## What to produce
Begin with the first line below and retype each line exactly through the line containing "Fig 1–4. Symplebia". Any pictures are to be left out.

Saved entries:
■ ■ ■ ■ ■ ■ ■

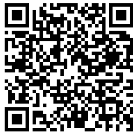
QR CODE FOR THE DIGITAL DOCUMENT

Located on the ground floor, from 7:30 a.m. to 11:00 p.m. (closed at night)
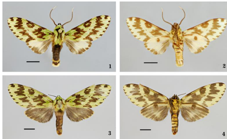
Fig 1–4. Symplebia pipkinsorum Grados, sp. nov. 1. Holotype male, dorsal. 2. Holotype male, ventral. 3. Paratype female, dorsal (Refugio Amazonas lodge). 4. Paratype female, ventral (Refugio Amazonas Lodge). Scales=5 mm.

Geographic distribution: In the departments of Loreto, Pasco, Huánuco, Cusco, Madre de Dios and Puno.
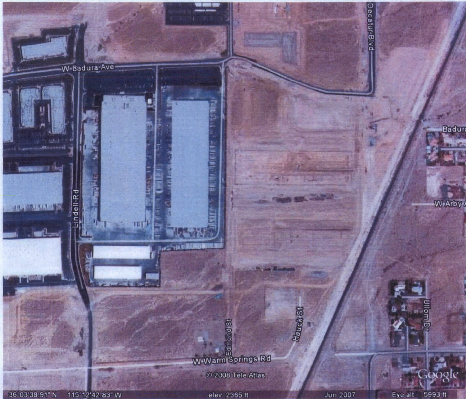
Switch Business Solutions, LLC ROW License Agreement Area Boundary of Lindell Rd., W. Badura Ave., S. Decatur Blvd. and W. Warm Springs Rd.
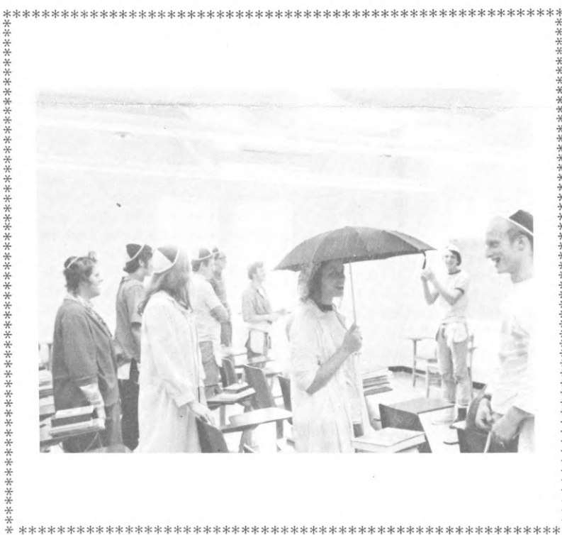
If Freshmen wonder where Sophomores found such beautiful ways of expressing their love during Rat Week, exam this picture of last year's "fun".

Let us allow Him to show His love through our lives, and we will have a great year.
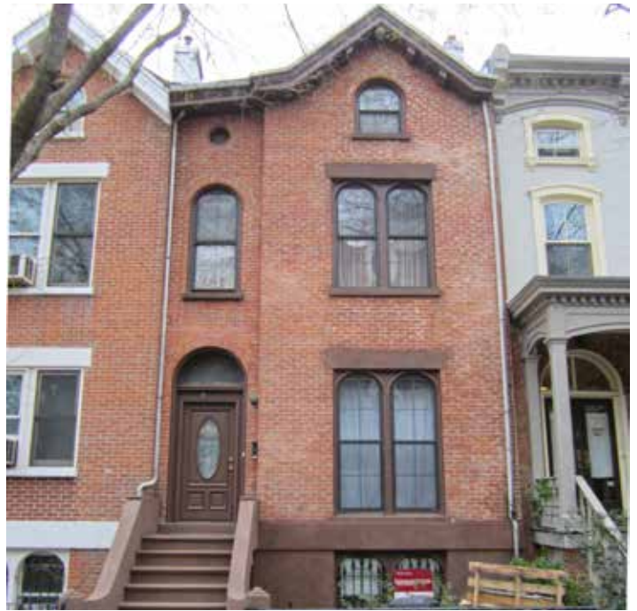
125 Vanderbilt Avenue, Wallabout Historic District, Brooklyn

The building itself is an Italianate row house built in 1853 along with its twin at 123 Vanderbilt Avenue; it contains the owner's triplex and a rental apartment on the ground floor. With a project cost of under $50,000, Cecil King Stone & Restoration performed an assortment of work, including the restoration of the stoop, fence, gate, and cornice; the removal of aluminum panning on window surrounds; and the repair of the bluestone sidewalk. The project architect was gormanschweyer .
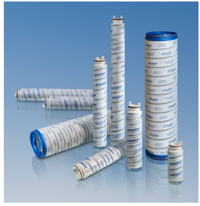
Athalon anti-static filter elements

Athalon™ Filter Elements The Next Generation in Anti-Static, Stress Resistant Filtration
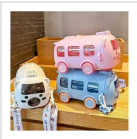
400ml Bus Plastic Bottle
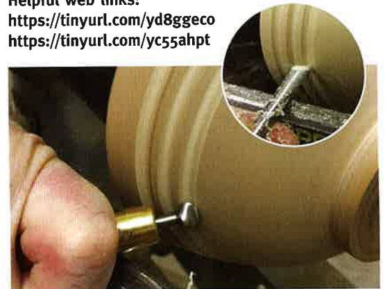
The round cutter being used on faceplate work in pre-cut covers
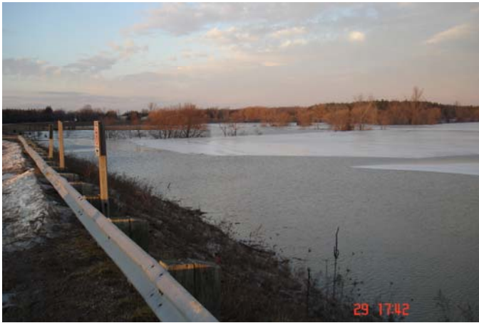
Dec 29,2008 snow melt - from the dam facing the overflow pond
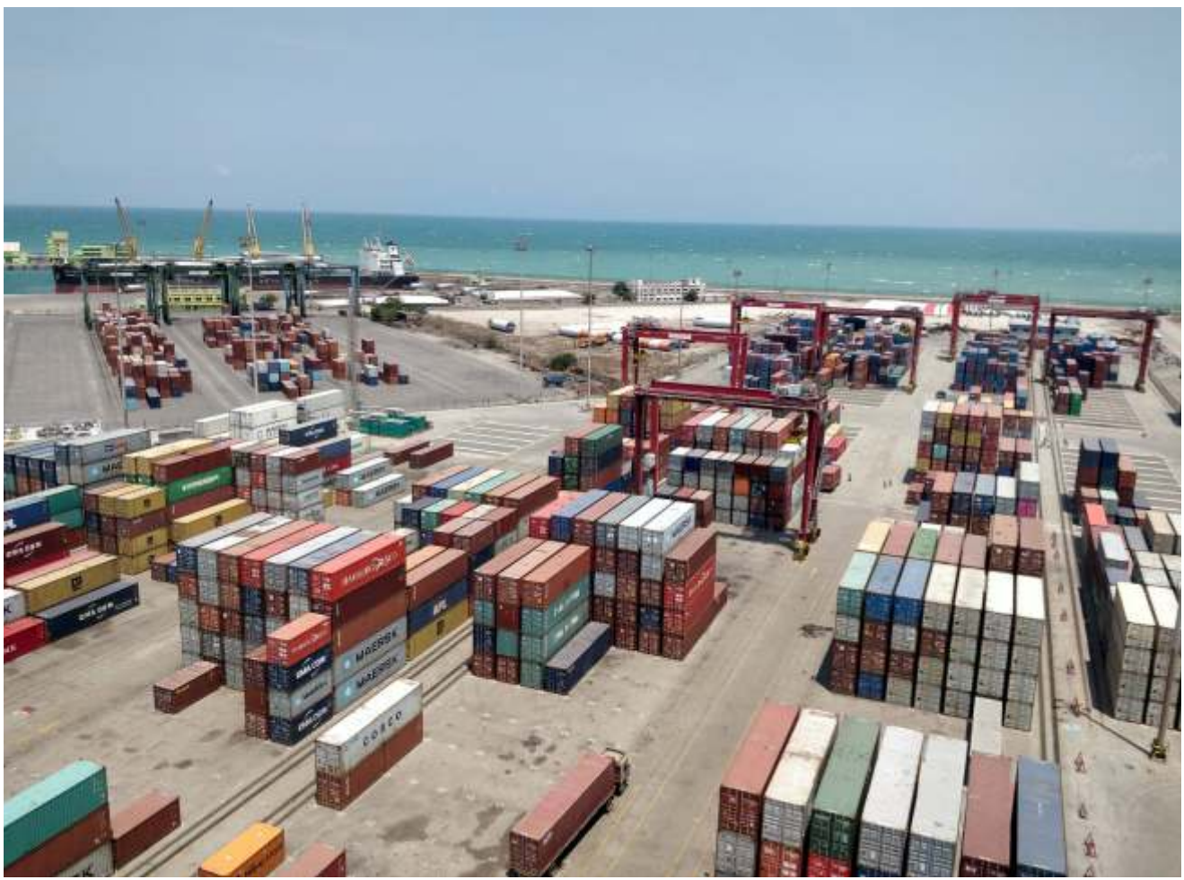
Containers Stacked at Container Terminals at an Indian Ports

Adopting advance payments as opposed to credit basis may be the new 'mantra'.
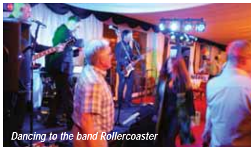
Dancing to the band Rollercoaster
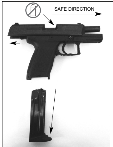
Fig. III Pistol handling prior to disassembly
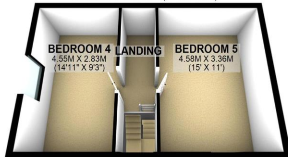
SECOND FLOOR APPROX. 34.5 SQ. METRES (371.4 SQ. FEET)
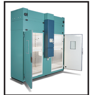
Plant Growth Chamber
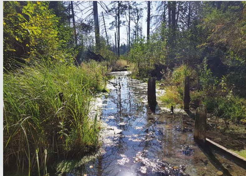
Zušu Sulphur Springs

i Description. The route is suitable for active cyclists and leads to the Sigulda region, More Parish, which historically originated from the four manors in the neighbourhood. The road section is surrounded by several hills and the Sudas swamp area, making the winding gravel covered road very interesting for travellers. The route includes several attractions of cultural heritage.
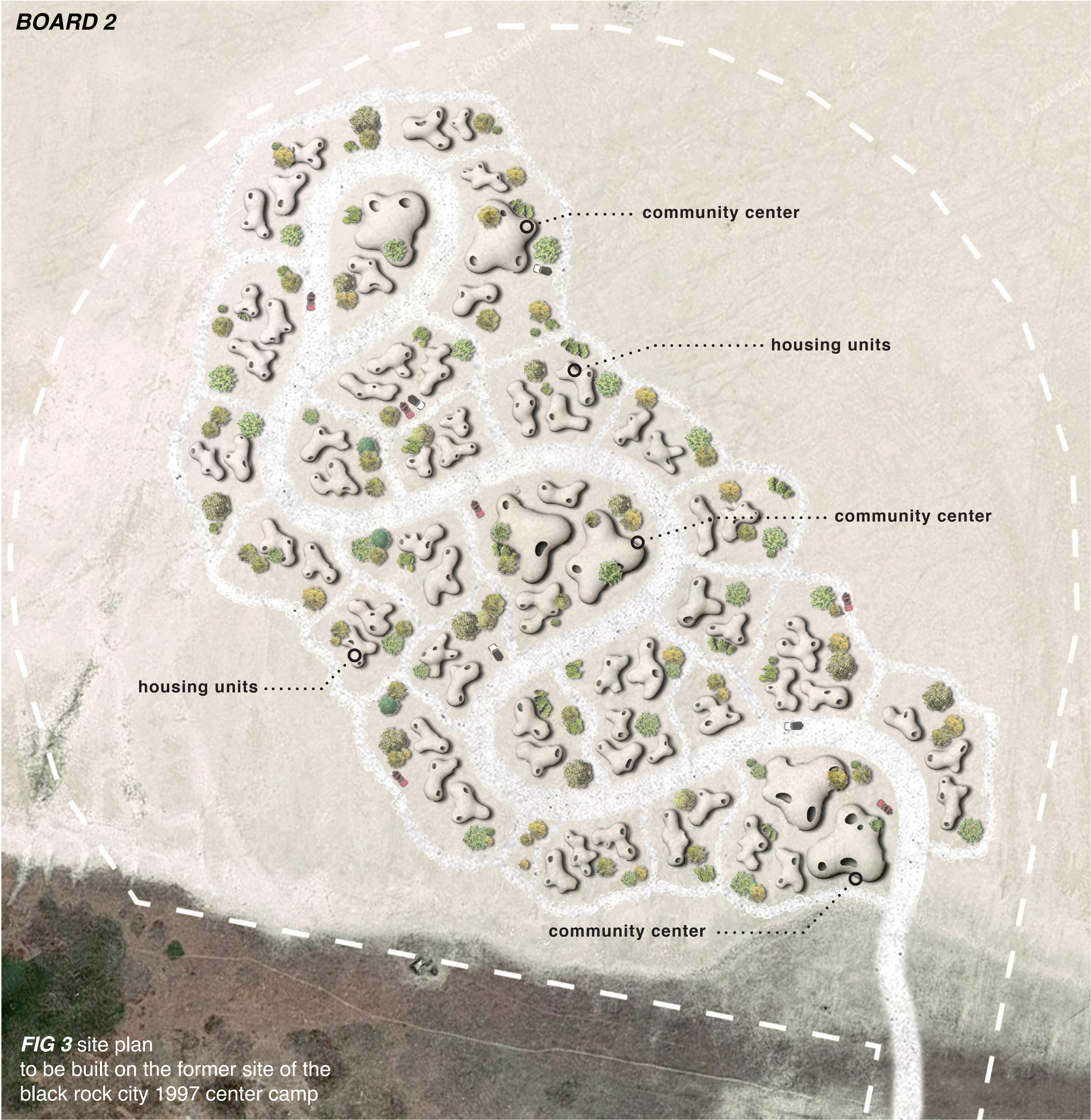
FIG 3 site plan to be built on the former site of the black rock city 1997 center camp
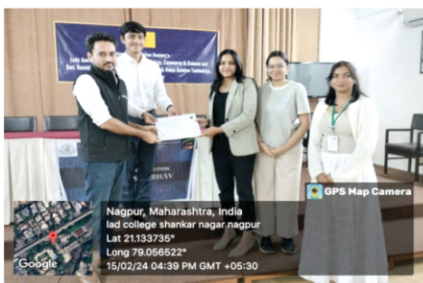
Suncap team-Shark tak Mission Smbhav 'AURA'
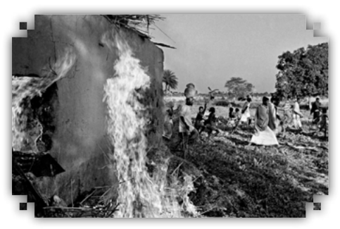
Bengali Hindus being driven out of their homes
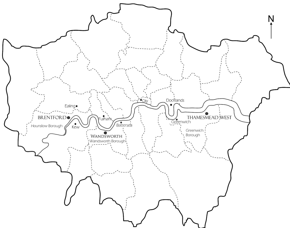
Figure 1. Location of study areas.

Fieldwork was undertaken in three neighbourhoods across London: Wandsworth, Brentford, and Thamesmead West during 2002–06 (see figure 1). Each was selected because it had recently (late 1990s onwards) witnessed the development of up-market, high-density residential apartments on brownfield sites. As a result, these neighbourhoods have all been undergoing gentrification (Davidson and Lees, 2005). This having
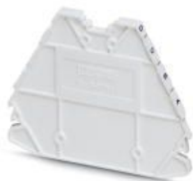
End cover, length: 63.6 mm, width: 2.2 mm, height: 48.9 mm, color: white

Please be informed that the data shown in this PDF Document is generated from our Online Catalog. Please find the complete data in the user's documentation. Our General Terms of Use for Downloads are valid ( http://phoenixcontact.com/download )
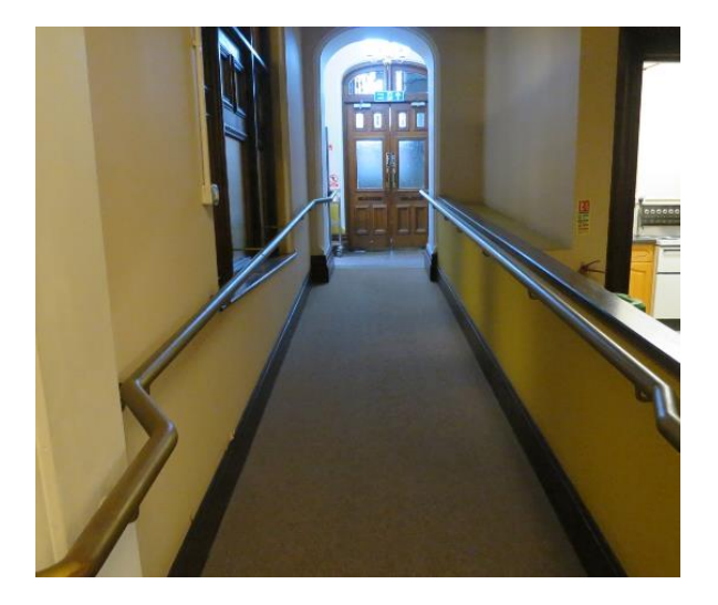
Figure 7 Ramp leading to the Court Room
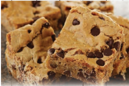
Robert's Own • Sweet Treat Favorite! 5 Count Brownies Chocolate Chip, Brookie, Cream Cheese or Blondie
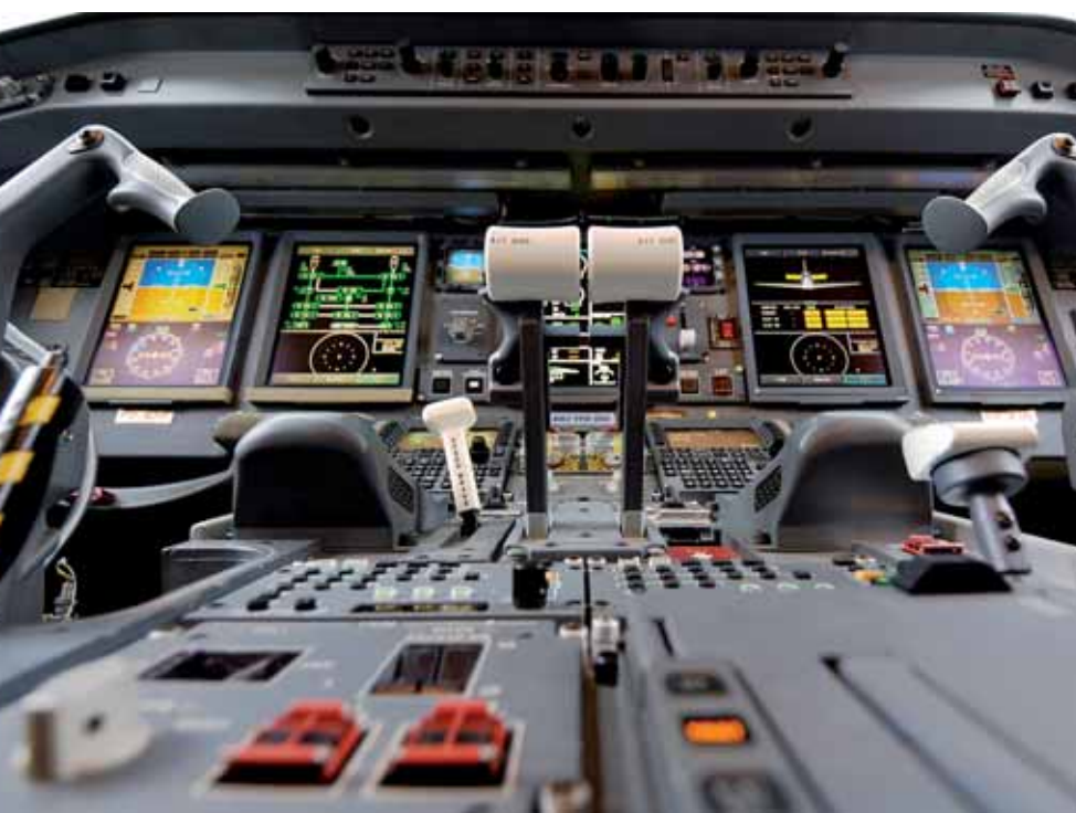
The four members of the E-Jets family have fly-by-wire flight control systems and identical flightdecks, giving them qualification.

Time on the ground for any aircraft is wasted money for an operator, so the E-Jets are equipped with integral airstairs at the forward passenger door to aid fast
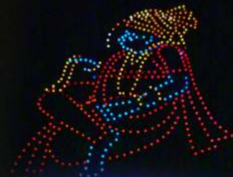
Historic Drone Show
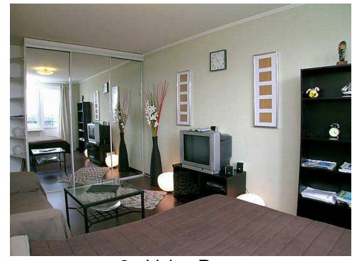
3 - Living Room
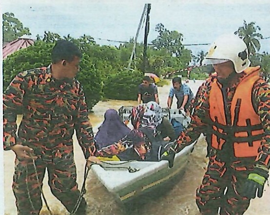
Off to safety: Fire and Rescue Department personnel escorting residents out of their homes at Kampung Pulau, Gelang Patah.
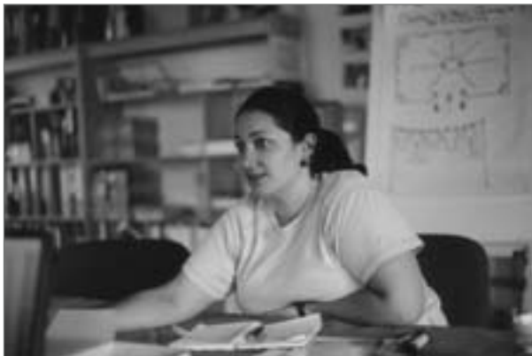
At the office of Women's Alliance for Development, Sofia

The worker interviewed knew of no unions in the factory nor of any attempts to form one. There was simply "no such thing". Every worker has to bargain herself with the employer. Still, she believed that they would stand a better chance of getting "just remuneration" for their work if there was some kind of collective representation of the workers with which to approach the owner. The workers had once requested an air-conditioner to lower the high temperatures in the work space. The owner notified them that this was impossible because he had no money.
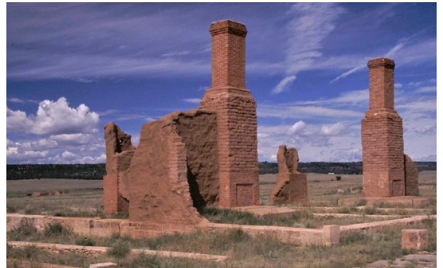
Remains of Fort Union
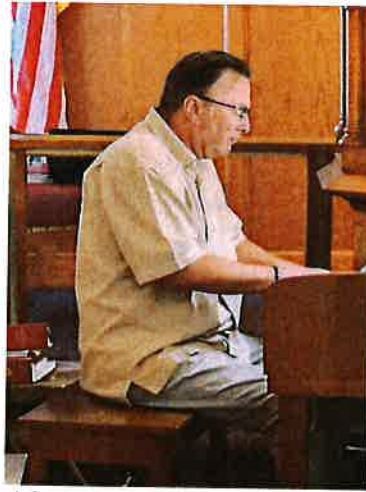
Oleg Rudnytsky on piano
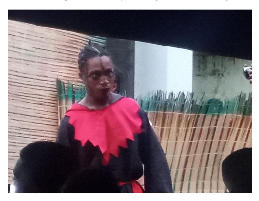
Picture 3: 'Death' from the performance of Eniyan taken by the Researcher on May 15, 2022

■ ■ ■ ■ ■ ■ ■

## Solution to this problem
QR CODE FOR THE DIGITAL DOCUMENT

Located on the ground floor, from 7:30 a.m. to 11:00 p.m. (closed at night)
Fig 1–4. Symplebia pipkinsorum Grados, sp. nov. 1. Holotype male, dorsal. 2. Holotype male, ventral. 3. Paratype female, dorsal (Refugio Amazonas lodge). 4. Paratype female, ventral (Refugio Amazonas Lodge). Scales=5 mm.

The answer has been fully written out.